→ **Work required**: In this exercise, write out the data word for word and leave every image out.

═══ Supplied material

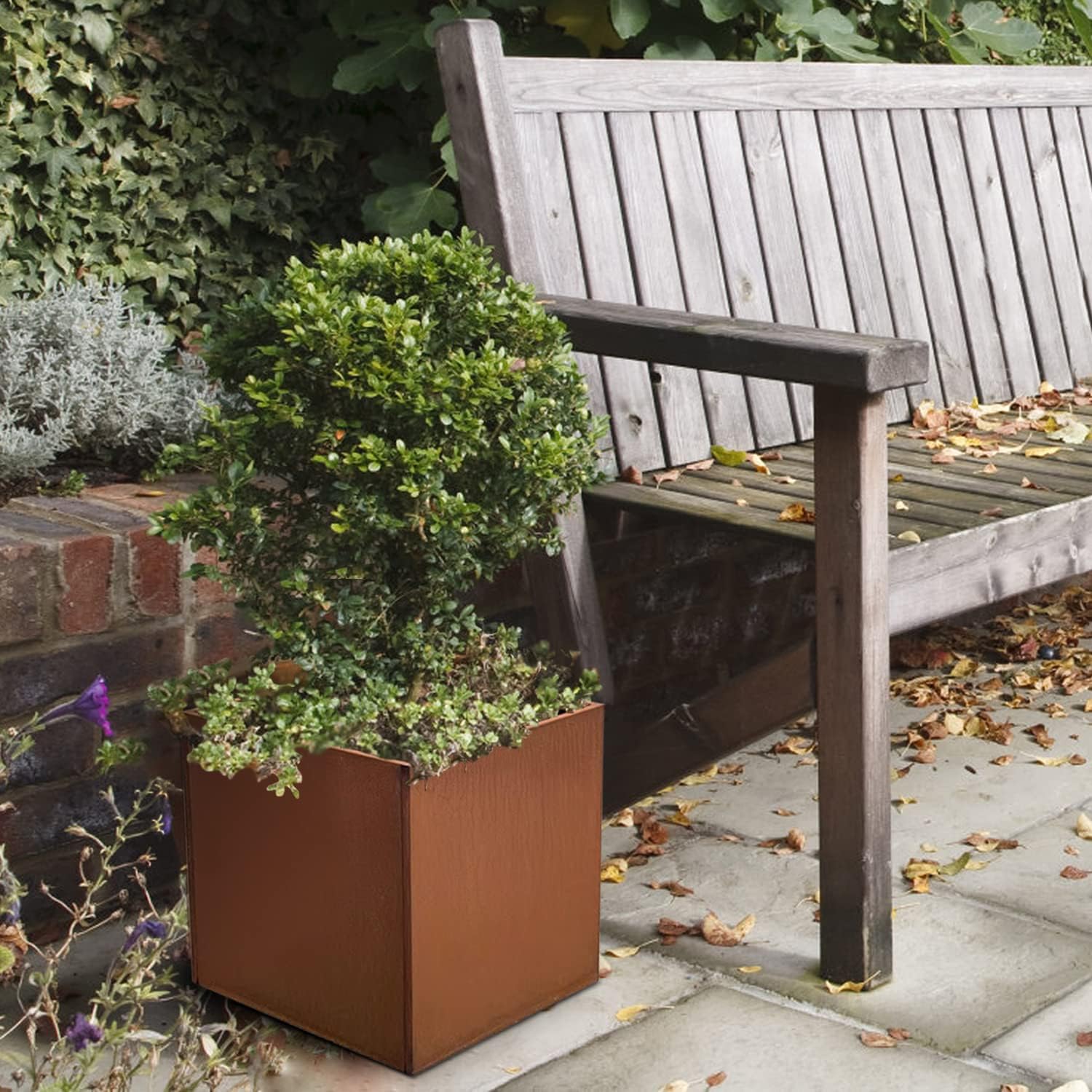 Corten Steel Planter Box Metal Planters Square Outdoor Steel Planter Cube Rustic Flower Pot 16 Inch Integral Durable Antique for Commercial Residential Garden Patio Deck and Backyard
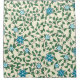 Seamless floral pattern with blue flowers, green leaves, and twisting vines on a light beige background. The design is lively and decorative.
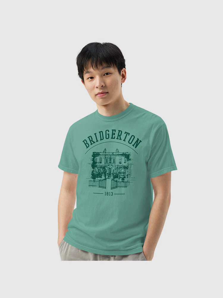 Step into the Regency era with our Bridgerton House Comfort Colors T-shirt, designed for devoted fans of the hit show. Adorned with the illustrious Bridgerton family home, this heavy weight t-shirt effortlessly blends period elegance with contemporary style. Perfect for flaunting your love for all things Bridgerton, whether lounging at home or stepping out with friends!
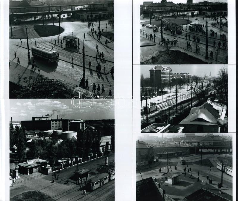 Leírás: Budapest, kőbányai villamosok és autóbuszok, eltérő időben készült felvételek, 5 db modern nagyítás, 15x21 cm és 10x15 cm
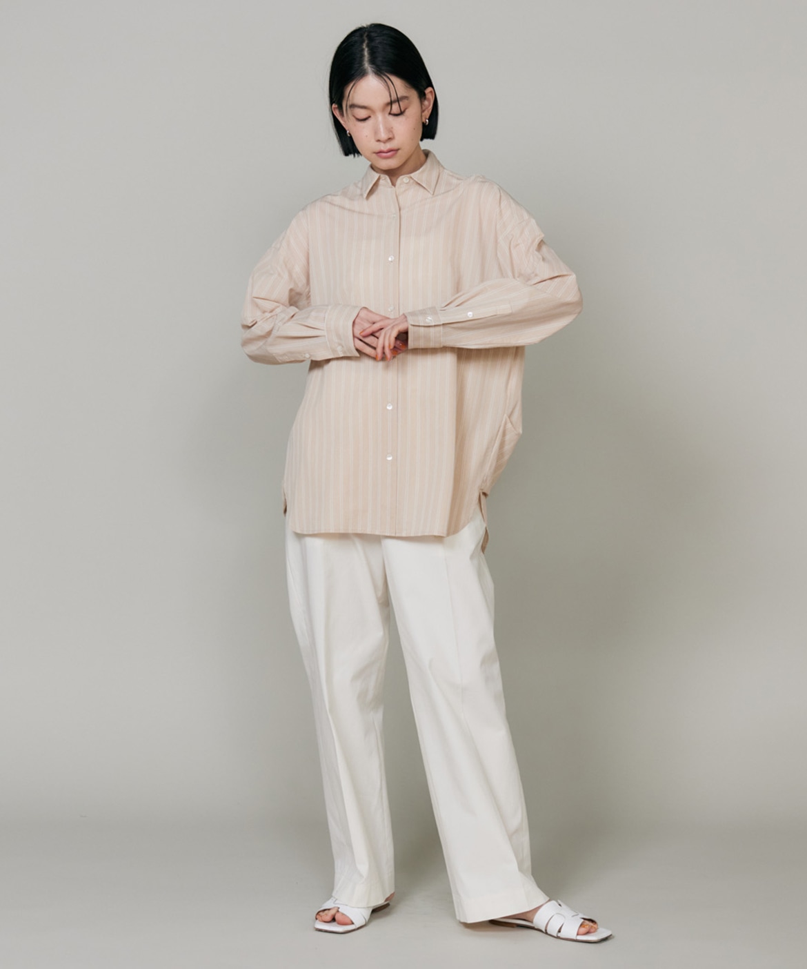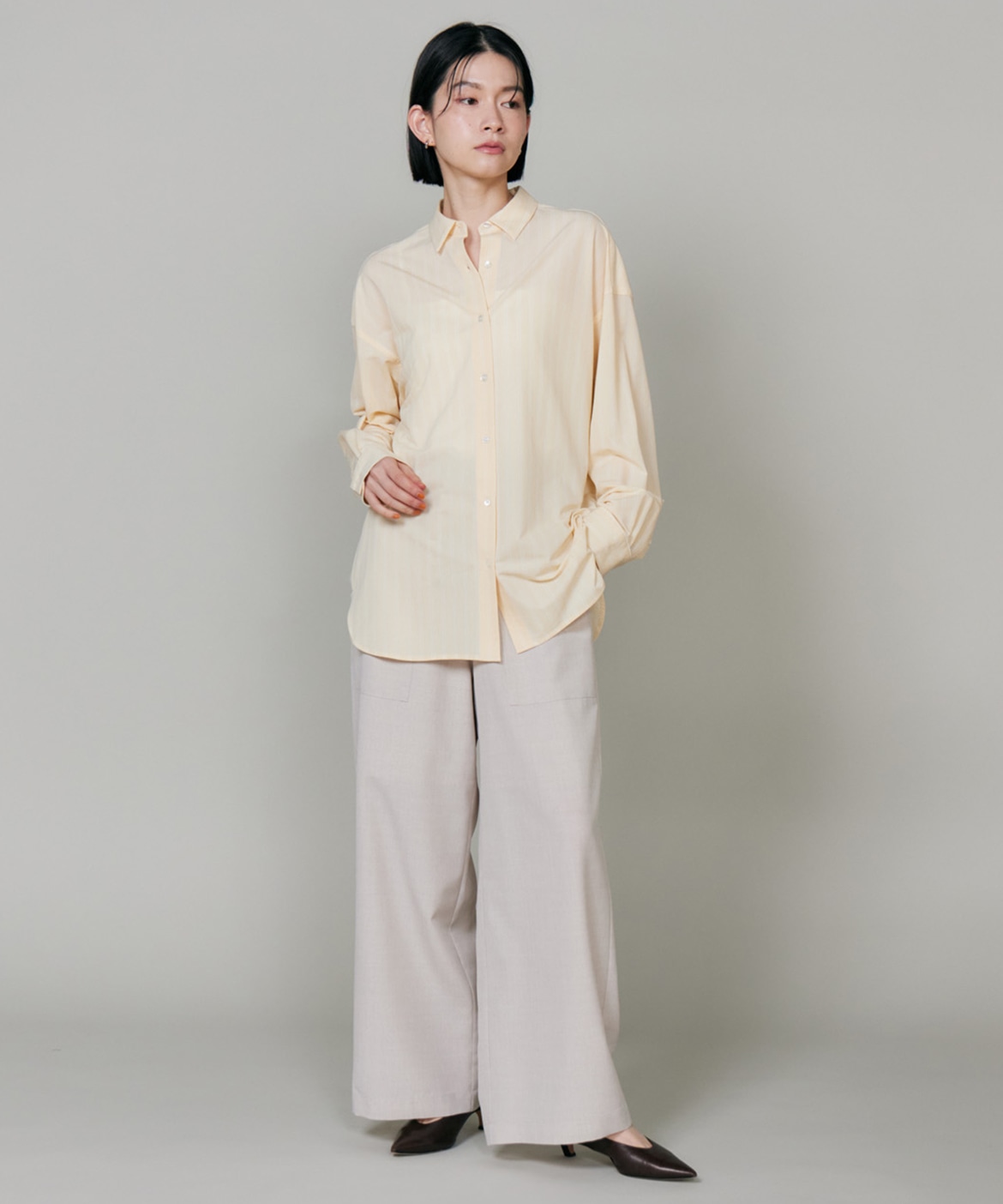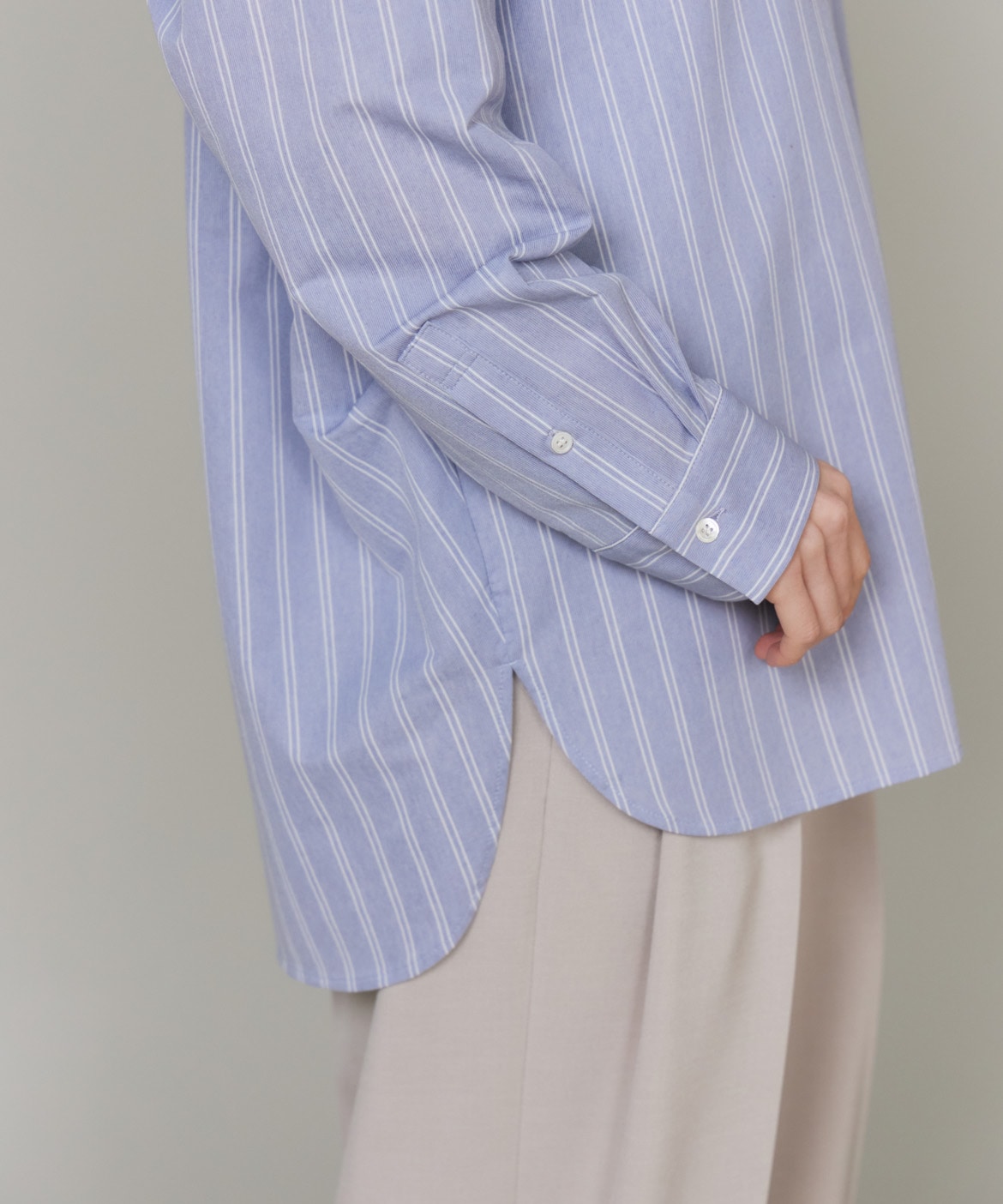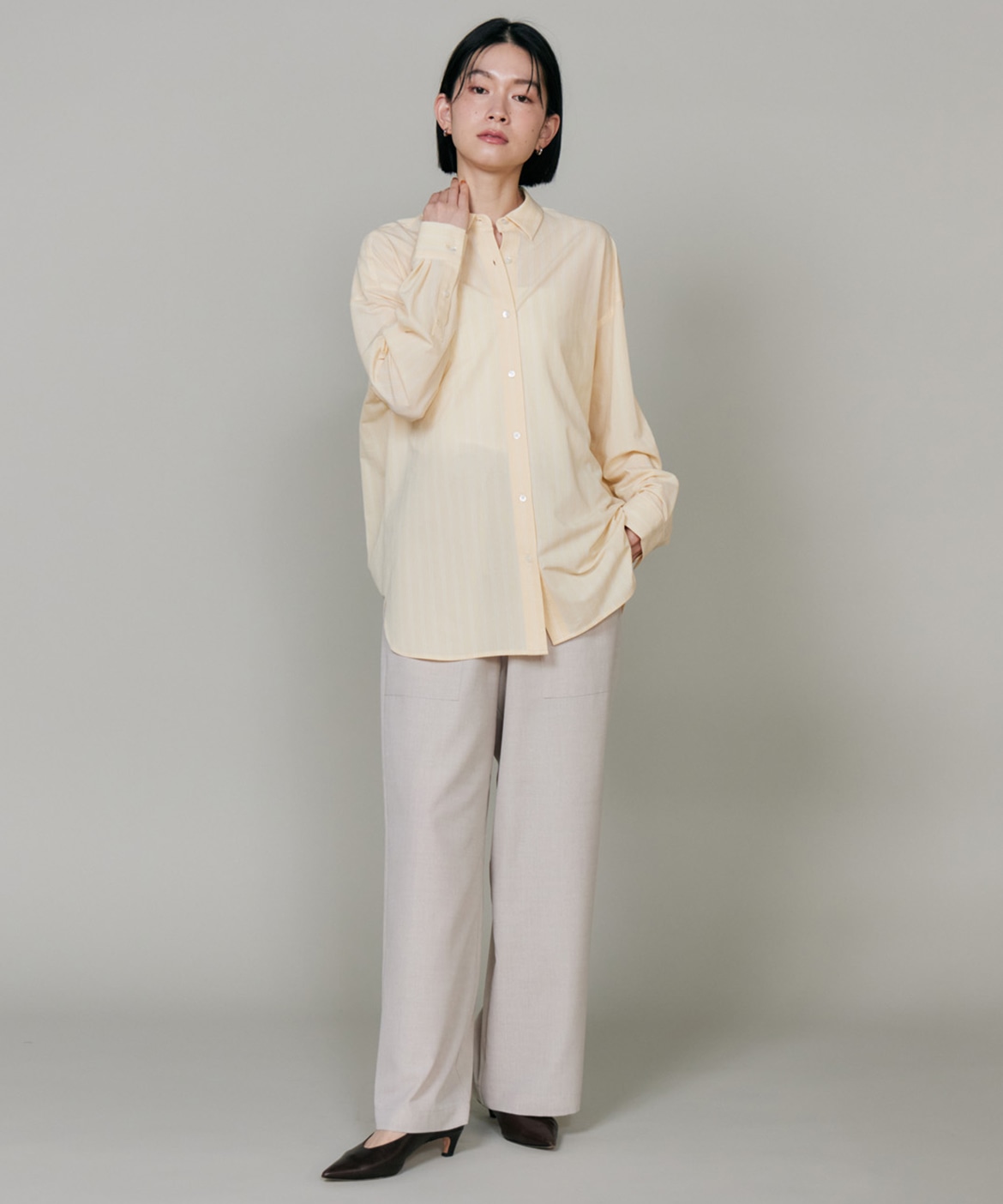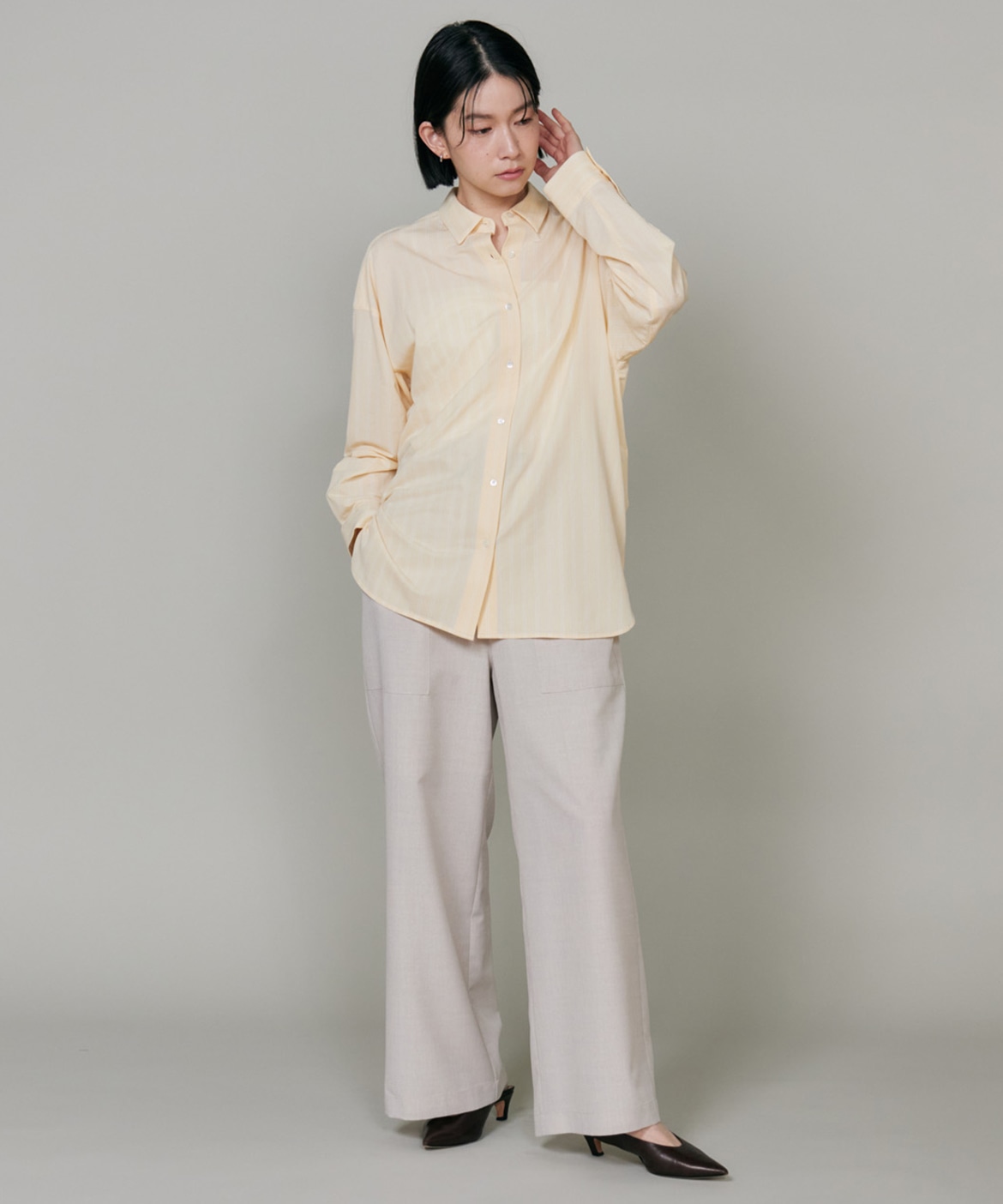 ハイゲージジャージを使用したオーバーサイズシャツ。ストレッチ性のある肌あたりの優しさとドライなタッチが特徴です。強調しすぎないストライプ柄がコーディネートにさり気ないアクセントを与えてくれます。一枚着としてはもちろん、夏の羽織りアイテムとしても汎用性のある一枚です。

══════

→ **Result**:
 Corten Steel Planter Box Metal Planters Square Outdoor Steel Planter Cube Rustic Flower Pot 16 Inch Integral Durable Antique for Commercial Residential Garden Patio Deck and Backyard
 Seamless floral pattern with blue flowers, green leaves, and twisting vines on a light beige background. The design is lively and decorative.
 Step into the Regency era with our Bridgerton House Comfort Colors T-shirt, designed for devoted fans of the hit show. Adorned with the illustrious Bridgerton family home, this heavy weight t-shirt effortlessly blends period elegance with contemporary style. Perfect for flaunting your love for all things Bridgerton, whether lounging at home or stepping out with friends!
 Leírás: Budapest, kőbányai villamosok és autóbuszok, eltérő időben készült felvételek, 5 db modern nagyítás, 15x21 cm és 10x15 cm
 ハイゲージジャージを使用したオーバーサイズシャツ。ストレッチ性のある肌あたりの優しさとドライなタッチが特徴です。強調しすぎないストライプ柄がコーディネートにさり気ないアクセントを与えてくれます。一枚着としてはもちろん、夏の羽織りアイテムとしても汎用性のある一枚です。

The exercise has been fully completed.